======== Extracted entries ========

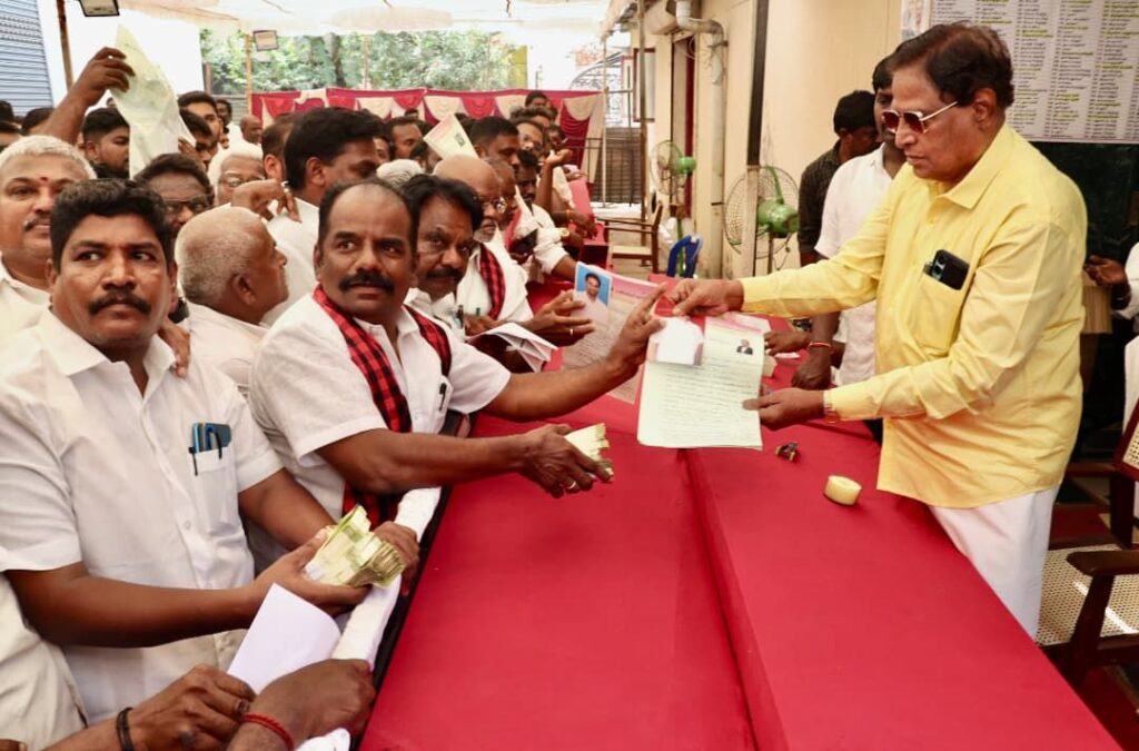 அப்போது விருப்பக் கட்டணத் தொகையான 25 ஆயிரம் ரூபாயை 20 ரூபாய் நோட்டுகளாக மாற்றி 1225 நோட்டுகளாக அறிவாலயத்தில் மருது கணேஷ் அளித்தார்.
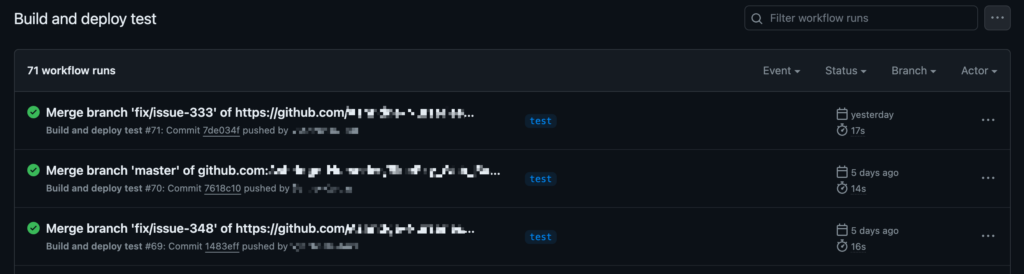 Here’s a workflow to build and deploy the test branch to the test environment:
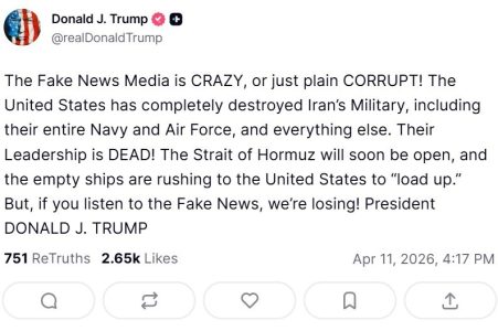 BotaTop Lajm Trump: Ngushtica e Hormuzit do të hapet së shpejti Nga admin2 Me Apr 11, 2026 92 Ndaj FacebookTwitterGoogle+Email Presidenti amerikan Donald Trump ka thënë se Ngushtica e Hormuzit “do të hapet së shpejti”. Këtë deklarim Trump e bëri përmes një postimi në rrjetin social ‘’Truth Social’’.
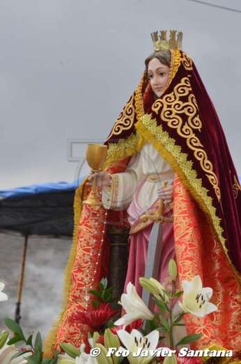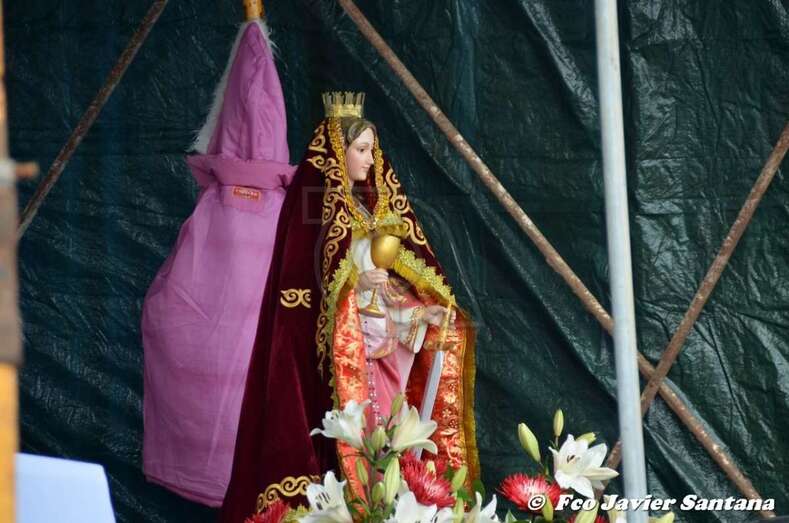 La talla de Santa Bárbara, este domingo en Lomo Catela, con nuevo manto (Foto Francisco Javier Santana) La talla de Santa Bárbara, este domingo en Lomo Catela, con nuevo manto (Foto Francisco Javier Santana)
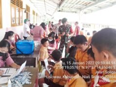 Suara Indonesia News - Nias Selatan. Babinsa Koramil 10/ Lolowau Kodim 0213 Serda Fery Samosir Dan Praka Tondi Damanik mendampingin pelaksanaan Vaksin Covid-19 kepada Anak usia 6-11 Tahun bertempat di SD Togizita Kecamatan Hilimegai...

========

Task brief: An exact copy of all the entries above is required, with every picture left out.

Written response:
 அப்போது விருப்பக் கட்டணத் தொகையான 25 ஆயிரம் ரூபாயை 20 ரூபாய் நோட்டுகளாக மாற்றி 1225 நோட்டுகளாக அறிவாலயத்தில் மருது கணேஷ் அளித்தார்.
 Here’s a workflow to build and deploy the test branch to the test environment:
 BotaTop Lajm Trump: Ngushtica e Hormuzit do të hapet së shpejti Nga admin2 Me Apr 11, 2026 92 Ndaj FacebookTwitterGoogle+Email Presidenti amerikan Donald Trump ka thënë se Ngushtica e Hormuzit “do të hapet së shpejti”. Këtë deklarim Trump e bëri përmes një postimi në rrjetin social ‘’Truth Social’’.
 La talla de Santa Bárbara, este domingo en Lomo Catela, con nuevo manto (Foto Francisco Javier Santana) La talla de Santa Bárbara, este domingo en Lomo Catela, con nuevo manto (Foto Francisco Javier Santana)
 Suara Indonesia News - Nias Selatan. Babinsa Koramil 10/ Lolowau Kodim 0213 Serda Fery Samosir Dan Praka Tondi Damanik mendampingin pelaksanaan Vaksin Covid-19 kepada Anak usia 6-11 Tahun bertempat di SD Togizita Kecamatan Hilimegai...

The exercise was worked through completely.